Ma cosa succede in questo periodo di quarantena, dove l’essere partner, genitore, figlio, amico, lavoratore avviene tutto nello stesso spazio, tutto in maniera veloce e senza che vi sia un passaggio tra una dimensione e l’altra. Ci troviamo in pigiama a bere il caffè e un secondo dopo in video conferenza con i nostri colleghi, magari con ancora i pantaloni del pigiama, perché tanto non si vedono. Può capitare allora di sentirsi angosciati, un bluff perché non sentiamo ad esempio che la donna che fino a un secondo fa era in pigiama con gli occhi socchiusi possa assumere un ruolo di responsabilità, o magari ingabbiati perché quella che era la nostra casa, dove tornare dopo il lavoro in una situazione di intimità e sicurezza diviene invece uno spazio comune, accessibile a tutti. O ancora di non sentire di avere uno spazio privato, solo per sé, dal quale restino fuori, anche solo per un momento, partner, figli, colleghi.

Alcuni di noi hanno poi più difficoltà di altri, chi infatti da sempre fa fatica a mettere dei limiti alle richieste degli altri, a dire di no quando sente che i propri bisogni sono schiacciati, può trovarsi in questo momento spiazzato, sempre disponibile per figli, partner, colleghi.
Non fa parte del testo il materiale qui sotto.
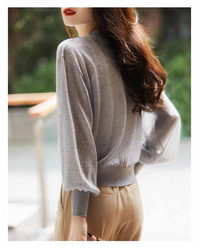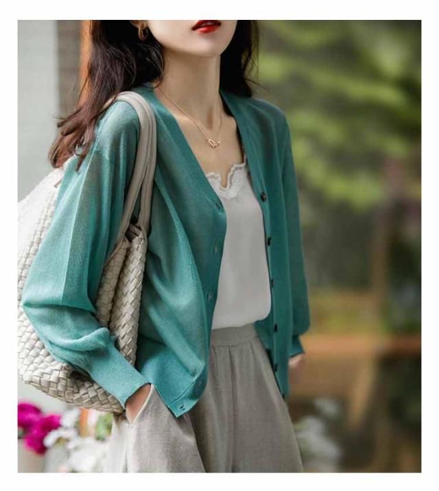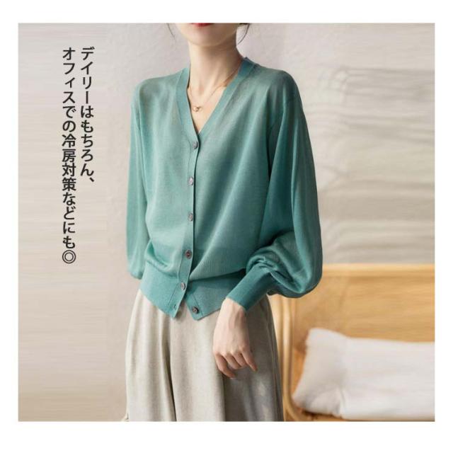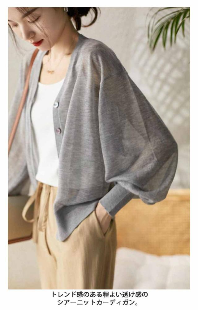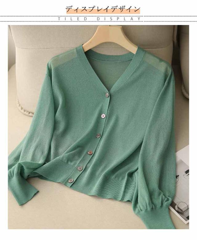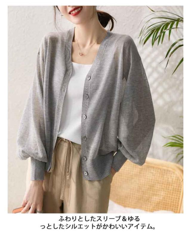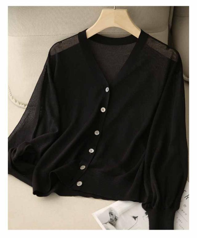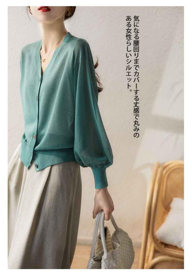 シアーニット Vネック パフスリーブ カーディガン レディース トップス 透け感 夏 通勤 オフィス 春夏秋 長袖 無地 薄手 UVカット UVケア カジュアル ナチュラル 黒 シアーニット 冷房対策 涼しい サマーカーディガン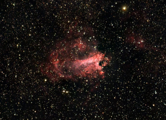 Messier 17 wird hierzulande auch Omeganebel genannt.

Può essere utile, allora, ricordarsi che abbiamo bisogno di alcuni confini, che quando stiamo lavorando siamo momentaneamente inaccessibili per i nostri figli a meno che non ci siano delle emergenze, che dopo cena, quando si è stati tutti insieme possiamo concederci un momento da soli con il nostro partner o anche una mezzora in solitudine o al telefono con un amico e che in quel momento, anche solo per un attimo, proprio come quando uscivamo per un aperitivo, mettiamo da parte i panni del genitore e ci mettiamo quello dell’amico/a.